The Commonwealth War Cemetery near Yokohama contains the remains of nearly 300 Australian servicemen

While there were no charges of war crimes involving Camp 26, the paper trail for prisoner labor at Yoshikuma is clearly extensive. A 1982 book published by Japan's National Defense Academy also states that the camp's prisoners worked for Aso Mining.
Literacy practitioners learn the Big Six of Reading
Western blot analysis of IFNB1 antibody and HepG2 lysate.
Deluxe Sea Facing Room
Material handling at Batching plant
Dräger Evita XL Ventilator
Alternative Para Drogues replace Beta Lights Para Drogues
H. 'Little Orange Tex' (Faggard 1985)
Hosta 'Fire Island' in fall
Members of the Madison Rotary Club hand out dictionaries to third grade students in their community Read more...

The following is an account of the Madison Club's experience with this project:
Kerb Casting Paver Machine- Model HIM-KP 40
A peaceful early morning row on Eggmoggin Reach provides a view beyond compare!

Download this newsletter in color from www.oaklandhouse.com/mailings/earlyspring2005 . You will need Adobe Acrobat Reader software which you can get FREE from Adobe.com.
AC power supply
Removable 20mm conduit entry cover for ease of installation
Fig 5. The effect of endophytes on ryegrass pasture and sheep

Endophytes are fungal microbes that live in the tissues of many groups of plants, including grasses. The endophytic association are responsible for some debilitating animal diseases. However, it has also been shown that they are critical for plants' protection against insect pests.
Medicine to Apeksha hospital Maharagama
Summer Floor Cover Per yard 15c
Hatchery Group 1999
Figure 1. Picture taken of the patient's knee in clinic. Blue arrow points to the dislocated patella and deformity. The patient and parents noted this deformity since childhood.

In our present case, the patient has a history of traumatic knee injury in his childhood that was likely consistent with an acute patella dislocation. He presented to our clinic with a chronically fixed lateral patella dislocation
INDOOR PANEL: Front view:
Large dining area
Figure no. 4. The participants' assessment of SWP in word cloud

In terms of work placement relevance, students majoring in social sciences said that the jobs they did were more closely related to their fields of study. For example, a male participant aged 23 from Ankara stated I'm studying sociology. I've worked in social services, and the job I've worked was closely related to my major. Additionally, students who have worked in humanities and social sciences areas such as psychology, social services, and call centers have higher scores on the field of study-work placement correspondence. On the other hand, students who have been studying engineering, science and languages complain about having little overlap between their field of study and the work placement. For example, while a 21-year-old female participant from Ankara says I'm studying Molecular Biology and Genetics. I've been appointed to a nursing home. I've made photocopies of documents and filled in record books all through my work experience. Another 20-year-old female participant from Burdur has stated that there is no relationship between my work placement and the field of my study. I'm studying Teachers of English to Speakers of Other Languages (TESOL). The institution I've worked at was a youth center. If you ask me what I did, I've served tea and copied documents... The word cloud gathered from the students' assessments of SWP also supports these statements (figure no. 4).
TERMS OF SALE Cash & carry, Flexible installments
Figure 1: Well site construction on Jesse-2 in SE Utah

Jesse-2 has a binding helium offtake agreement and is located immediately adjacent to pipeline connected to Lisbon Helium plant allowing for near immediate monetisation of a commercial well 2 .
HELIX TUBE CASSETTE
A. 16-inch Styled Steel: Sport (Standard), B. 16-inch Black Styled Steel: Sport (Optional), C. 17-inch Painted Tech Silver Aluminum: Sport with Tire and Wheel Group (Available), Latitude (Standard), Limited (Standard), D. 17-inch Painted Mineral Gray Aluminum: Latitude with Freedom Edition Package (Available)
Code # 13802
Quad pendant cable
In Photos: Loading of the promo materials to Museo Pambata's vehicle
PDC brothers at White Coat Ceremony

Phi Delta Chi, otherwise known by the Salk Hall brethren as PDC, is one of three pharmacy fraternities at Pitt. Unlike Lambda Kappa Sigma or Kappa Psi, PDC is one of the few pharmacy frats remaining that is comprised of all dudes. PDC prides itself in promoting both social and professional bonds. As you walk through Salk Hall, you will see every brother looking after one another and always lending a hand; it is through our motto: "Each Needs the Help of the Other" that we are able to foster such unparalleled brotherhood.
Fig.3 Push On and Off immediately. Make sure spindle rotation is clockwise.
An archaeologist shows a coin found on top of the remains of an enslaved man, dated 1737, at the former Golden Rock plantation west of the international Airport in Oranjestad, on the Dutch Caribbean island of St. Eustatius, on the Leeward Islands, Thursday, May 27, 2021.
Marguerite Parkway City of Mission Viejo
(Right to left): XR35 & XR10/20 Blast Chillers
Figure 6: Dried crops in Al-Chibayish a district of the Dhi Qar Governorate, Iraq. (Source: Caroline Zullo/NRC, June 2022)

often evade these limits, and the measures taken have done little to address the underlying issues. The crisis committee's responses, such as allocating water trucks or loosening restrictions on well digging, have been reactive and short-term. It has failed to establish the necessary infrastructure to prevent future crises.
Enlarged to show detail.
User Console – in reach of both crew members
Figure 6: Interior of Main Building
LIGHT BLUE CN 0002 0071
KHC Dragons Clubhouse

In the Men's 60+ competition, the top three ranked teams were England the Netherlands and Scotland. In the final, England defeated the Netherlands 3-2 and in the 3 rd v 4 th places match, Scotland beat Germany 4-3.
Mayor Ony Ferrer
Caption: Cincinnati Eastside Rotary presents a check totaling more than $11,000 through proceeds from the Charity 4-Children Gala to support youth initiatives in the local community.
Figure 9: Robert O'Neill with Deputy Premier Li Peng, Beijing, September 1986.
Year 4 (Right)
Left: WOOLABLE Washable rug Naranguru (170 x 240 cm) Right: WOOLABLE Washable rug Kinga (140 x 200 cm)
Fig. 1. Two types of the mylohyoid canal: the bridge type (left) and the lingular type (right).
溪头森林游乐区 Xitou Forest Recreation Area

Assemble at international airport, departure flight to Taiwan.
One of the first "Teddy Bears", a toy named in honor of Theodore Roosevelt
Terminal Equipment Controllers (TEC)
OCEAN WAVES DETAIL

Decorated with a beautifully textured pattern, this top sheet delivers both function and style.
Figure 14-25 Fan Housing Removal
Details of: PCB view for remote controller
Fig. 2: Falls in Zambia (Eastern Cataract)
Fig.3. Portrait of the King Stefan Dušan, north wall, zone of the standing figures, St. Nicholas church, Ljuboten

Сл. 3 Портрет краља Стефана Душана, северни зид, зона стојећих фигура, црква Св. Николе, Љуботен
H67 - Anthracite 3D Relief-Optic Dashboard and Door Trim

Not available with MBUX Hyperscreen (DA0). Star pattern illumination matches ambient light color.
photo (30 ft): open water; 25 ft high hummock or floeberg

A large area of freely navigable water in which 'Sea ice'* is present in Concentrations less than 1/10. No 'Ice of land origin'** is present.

*HOW TO COMPLETE THIS TASK*
Each line of the data must come back exactly as written.

*WRITTEN ANSWER*
The Commonwealth War Cemetery near Yokohama contains the remains of nearly 300 Australian servicemen

While there were no charges of war crimes involving Camp 26, the paper trail for prisoner labor at Yoshikuma is clearly extensive. A 1982 book published by Japan's National Defense Academy also states that the camp's prisoners worked for Aso Mining.
Literacy practitioners learn the Big Six of Reading
Western blot analysis of IFNB1 antibody and HepG2 lysate.
Deluxe Sea Facing Room
Material handling at Batching plant
Dräger Evita XL Ventilator
Alternative Para Drogues replace Beta Lights Para Drogues
H. 'Little Orange Tex' (Faggard 1985)
Hosta 'Fire Island' in fall
Members of the Madison Rotary Club hand out dictionaries to third grade students in their community Read more...

The following is an account of the Madison Club's experience with this project:
Kerb Casting Paver Machine- Model HIM-KP 40
A peaceful early morning row on Eggmoggin Reach provides a view beyond compare!

Download this newsletter in color from www.oaklandhouse.com/mailings/earlyspring2005 . You will need Adobe Acrobat Reader software which you can get FREE from Adobe.com.
AC power supply
Removable 20mm conduit entry cover for ease of installation
Fig 5. The effect of endophytes on ryegrass pasture and sheep

Endophytes are fungal microbes that live in the tissues of many groups of plants, including grasses. The endophytic association are responsible for some debilitating animal diseases. However, it has also been shown that they are critical for plants' protection against insect pests.
Medicine to Apeksha hospital Maharagama
Summer Floor Cover Per yard 15c
Hatchery Group 1999
Figure 1. Picture taken of the patient's knee in clinic. Blue arrow points to the dislocated patella and deformity. The patient and parents noted this deformity since childhood.

In our present case, the patient has a history of traumatic knee injury in his childhood that was likely consistent with an acute patella dislocation. He presented to our clinic with a chronically fixed lateral patella dislocation
INDOOR PANEL: Front view:
Large dining area
Figure no. 4. The participants' assessment of SWP in word cloud

In terms of work placement relevance, students majoring in social sciences said that the jobs they did were more closely related to their fields of study. For example, a male participant aged 23 from Ankara stated I'm studying sociology. I've worked in social services, and the job I've worked was closely related to my major. Additionally, students who have worked in humanities and social sciences areas such as psychology, social services, and call centers have higher scores on the field of study-work placement correspondence. On the other hand, students who have been studying engineering, science and languages complain about having little overlap between their field of study and the work placement. For example, while a 21-year-old female participant from Ankara says I'm studying Molecular Biology and Genetics. I've been appointed to a nursing home. I've made photocopies of documents and filled in record books all through my work experience. Another 20-year-old female participant from Burdur has stated that there is no relationship between my work placement and the field of my study. I'm studying Teachers of English to Speakers of Other Languages (TESOL). The institution I've worked at was a youth center. If you ask me what I did, I've served tea and copied documents... The word cloud gathered from the students' assessments of SWP also supports these statements (figure no. 4).
TERMS OF SALE Cash & carry, Flexible installments
Figure 1: Well site construction on Jesse-2 in SE Utah

Jesse-2 has a binding helium offtake agreement and is located immediately adjacent to pipeline connected to Lisbon Helium plant allowing for near immediate monetisation of a commercial well 2 .
HELIX TUBE CASSETTE
A. 16-inch Styled Steel: Sport (Standard), B. 16-inch Black Styled Steel: Sport (Optional), C. 17-inch Painted Tech Silver Aluminum: Sport with Tire and Wheel Group (Available), Latitude (Standard), Limited (Standard), D. 17-inch Painted Mineral Gray Aluminum: Latitude with Freedom Edition Package (Available)
Code # 13802
Quad pendant cable
In Photos: Loading of the promo materials to Museo Pambata's vehicle
PDC brothers at White Coat Ceremony

Phi Delta Chi, otherwise known by the Salk Hall brethren as PDC, is one of three pharmacy fraternities at Pitt. Unlike Lambda Kappa Sigma or Kappa Psi, PDC is one of the few pharmacy frats remaining that is comprised of all dudes. PDC prides itself in promoting both social and professional bonds. As you walk through Salk Hall, you will see every brother looking after one another and always lending a hand; it is through our motto: "Each Needs the Help of the Other" that we are able to foster such unparalleled brotherhood.
Fig.3 Push On and Off immediately. Make sure spindle rotation is clockwise.
An archaeologist shows a coin found on top of the remains of an enslaved man, dated 1737, at the former Golden Rock plantation west of the international Airport in Oranjestad, on the Dutch Caribbean island of St. Eustatius, on the Leeward Islands, Thursday, May 27, 2021.
Marguerite Parkway City of Mission Viejo
(Right to left): XR35 & XR10/20 Blast Chillers
Figure 6: Dried crops in Al-Chibayish a district of the Dhi Qar Governorate, Iraq. (Source: Caroline Zullo/NRC, June 2022)

often evade these limits, and the measures taken have done little to address the underlying issues. The crisis committee's responses, such as allocating water trucks or loosening restrictions on well digging, have been reactive and short-term. It has failed to establish the necessary infrastructure to prevent future crises.
Enlarged to show detail.
User Console – in reach of both crew members
Figure 6: Interior of Main Building
LIGHT BLUE CN 0002 0071
KHC Dragons Clubhouse

In the Men's 60+ competition, the top three ranked teams were England the Netherlands and Scotland. In the final, England defeated the Netherlands 3-2 and in the 3 rd v 4 th places match, Scotland beat Germany 4-3.
Mayor Ony Ferrer
Caption: Cincinnati Eastside Rotary presents a check totaling more than $11,000 through proceeds from the Charity 4-Children Gala to support youth initiatives in the local community.
Figure 9: Robert O'Neill with Deputy Premier Li Peng, Beijing, September 1986.
Year 4 (Right)
Left: WOOLABLE Washable rug Naranguru (170 x 240 cm) Right: WOOLABLE Washable rug Kinga (140 x 200 cm)
Fig. 1. Two types of the mylohyoid canal: the bridge type (left) and the lingular type (right).
溪头森林游乐区 Xitou Forest Recreation Area

Assemble at international airport, departure flight to Taiwan.
One of the first "Teddy Bears", a toy named in honor of Theodore Roosevelt
Terminal Equipment Controllers (TEC)
OCEAN WAVES DETAIL

Decorated with a beautifully textured pattern, this top sheet delivers both function and style.
Figure 14-25 Fan Housing Removal
Details of: PCB view for remote controller
Fig. 2: Falls in Zambia (Eastern Cataract)
Fig.3. Portrait of the King Stefan Dušan, north wall, zone of the standing figures, St. Nicholas church, Ljuboten

Сл. 3 Портрет краља Стефана Душана, северни зид, зона стојећих фигура, црква Св. Николе, Љуботен
H67 - Anthracite 3D Relief-Optic Dashboard and Door Trim

Not available with MBUX Hyperscreen (DA0). Star pattern illumination matches ambient light color.
photo (30 ft): open water; 25 ft high hummock or floeberg

A large area of freely navigable water in which 'Sea ice'* is present in Concentrations less than 1/10. No 'Ice of land origin'** is present.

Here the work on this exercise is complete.